The pair were married on a fall day in 1962 in Rasmiye’s house in Beit Awwa. She wore a white dress and rode a camel from her family home to her husband’s, changing seven times into seven different-colored dresses, according to regional tradition.
A happy life
Hisham died in 2005 at 63, but the couple were happily married for more than half a century and raised nine children. Hisham taught them to read and write, and the couple watched as their children got married and started families of their own.
“I have never seen a relationship like the one my parents had,” said Riham Al Suwaiti, 49, who also now has nine children of her own. “My mother meant everything to my father. He loved her so much. The entire town knows how special their relationship was.”
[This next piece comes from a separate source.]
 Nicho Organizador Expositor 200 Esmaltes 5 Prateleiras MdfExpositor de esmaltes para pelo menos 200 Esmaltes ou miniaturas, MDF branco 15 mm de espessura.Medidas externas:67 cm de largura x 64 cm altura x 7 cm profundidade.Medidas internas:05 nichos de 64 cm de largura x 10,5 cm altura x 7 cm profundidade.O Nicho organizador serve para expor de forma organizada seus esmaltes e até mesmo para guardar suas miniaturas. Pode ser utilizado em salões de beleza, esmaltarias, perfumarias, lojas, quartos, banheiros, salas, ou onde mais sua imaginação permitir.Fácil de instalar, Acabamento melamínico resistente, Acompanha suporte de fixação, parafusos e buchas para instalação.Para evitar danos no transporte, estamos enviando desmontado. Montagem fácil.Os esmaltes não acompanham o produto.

Riham recalled how her father would return from pilgrimages to Mecca with bags brimming with presents for his wife and how he would sporadically buy her gold bangles, necklaces and rings to demonstrate his love.
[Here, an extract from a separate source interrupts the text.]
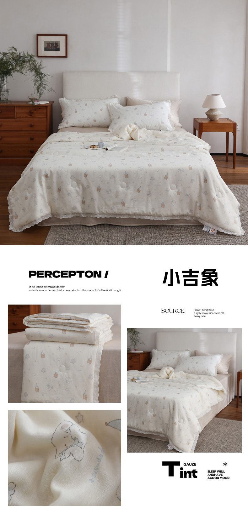 (总)万盛家纺 2026新款全棉双层纱花边印花夏被空调被夏凉被,动物城,简悦,铃兰,曼叶,莫里,浅陌,俏皮小象,素颜,兔子欢喜,小吉象,摇摇木马,月落昙华

“He used to give her everything she wanted and wished for,” she said.
The pair were inseparable, working alongside each other growing olive trees and tending sheep, according to their children. Hisham would look after the flock, and from the milk, Rasmiye would make yogurt, labneh and cheese that they would sell, along with the olives and oil, at markets in Beit Awwa.
Once home, they would share the household chores, and their father would help the children study because Rasmiye could not read or write, Riham said.
By their children’s accounts, their life was happy even as the Israeli-Palestinian conflict waxed and waned around them.
The family bond
Following her husband’s death, Rasmiye spent the rest of her life in mourning, Riham said. Her children rallied around her, spoiling her as their father had.
“I used to visit her every day with my wife and kids,” Jihad said. “We did everything we could for her not to feel his absence.”
But still, overcome with grief, she struggled to leave the house and even missed her grandson’s wedding, Riham said.
Rasmiye’s children do not know how or when she contracted the coronavirus.
Some who visited her in her house in Beit Awwa later tested positive for the virus, Jihad said, but it’s unclear when it passed silently from one to another.
This spring, the West Bank locked down hard and fast in a bid to quash the coronavirus outbreak. By the end of May, the Palestinian Authority’s strict measures appeared to have paid off, with around 450 confirmed cases and just three deaths in the kidney-shaped territory, according to the authority’s figures. But cases are now rising.
When Rasmiye contracted the coronavirus, it was not the first time she had been seriously sick.
In 2015, she was diagnosed with leukemia, and Jihad would drive her on the winding road to Bethlehem to get treatment. Even when she asked, he would not tell her she had cancer but instead said she was getting treatment for her feet.
As her health deteriorated with the coronavirus, Jihad would watch her from her window ledge to make sure she was taking in oxygen.
Asked about the now-famous picture of him scaling the hospital wall to see his mother in her final days, Jihad said the moment the doctors left the room, he would climb through the window and sit by her bed protected only by a mask and gloves.
“If I left her for one second, she would take off her oxygen mask,” he said.
In her last moments, as death began to take her, she muttered.
“‘I want to sleep at Jihad’s house. I want to sleep,’” he recalled.
“She died in my arms,” he said. “She used to be my entire life. She used to be my everything: my happiness, my friend, my homeland.”